Life without Christian McCaffrey began with an unexpected treat. The running backs tasked with replacing the superstar piled up 176 yards on the ground in an upset win over Tom Brady and the Buccaneers. Plenty of credit is due to Steve Wilks, the interim head coach who had his team playing hard even when it's apparent the organization has already flipped the page to 2023. "That definitely wasn't a team out there that was trying to tank it," Wilks said. "These guys right here have come together and they believe in one another. ... There is a lot that we can build on today."

Detroit Lions

Previous rank: No. 28

The Lions returned to competitive football after their pre-bye thumping in Foxborough, but the results remain the same for the Fightin' Campbells.

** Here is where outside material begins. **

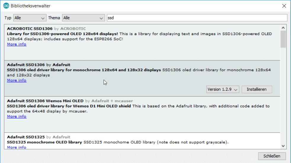 Für den Betrieb des Displays verwende ich die Adafruit Bibliothek SSD1306 in der Version 1.2.9. Die Bibliothek kann über den „Bibliotheksverwalter“ installiert werden.

Five second-half turnovers by the offense were too much to overcome in a 24-6 loss to the Cowboys at AT&T Stadium. The cruelest giveaway? A goal-line fumble by Jamaal Williams when Detroit appeared poised to take a lead in the fourth quarter. "I'm frustrated because we're losing, just like I was last year," Campbell said. "But I'm not down, I'm not losing confidence. I'm not going to go hide in a corner." A fact the coach might want to hide under a Honolulu blue rug at team headquarters: The Lions fell to 4-18-1 in his tenure.

Houston Texans

Previous rank: No. 31

Another week, another loss for the Texans, but head coach Lovie Smith can at least point to some positives on the offensive side of the ball. Quarterback Davis Mills enjoyed his best game of the season, going over 300 yards through the air with a pair of scoring tosses. His outing wasn't perfect -- a late pick-six sealed the game for the Raiders when Houston was still in striking distance -- but Mills put the ball on his receivers throughout the day and improved his accuracy considerably (68 percent completion rate, about six percentage points higher than the mark he'd put together in the previous five games). It's a start.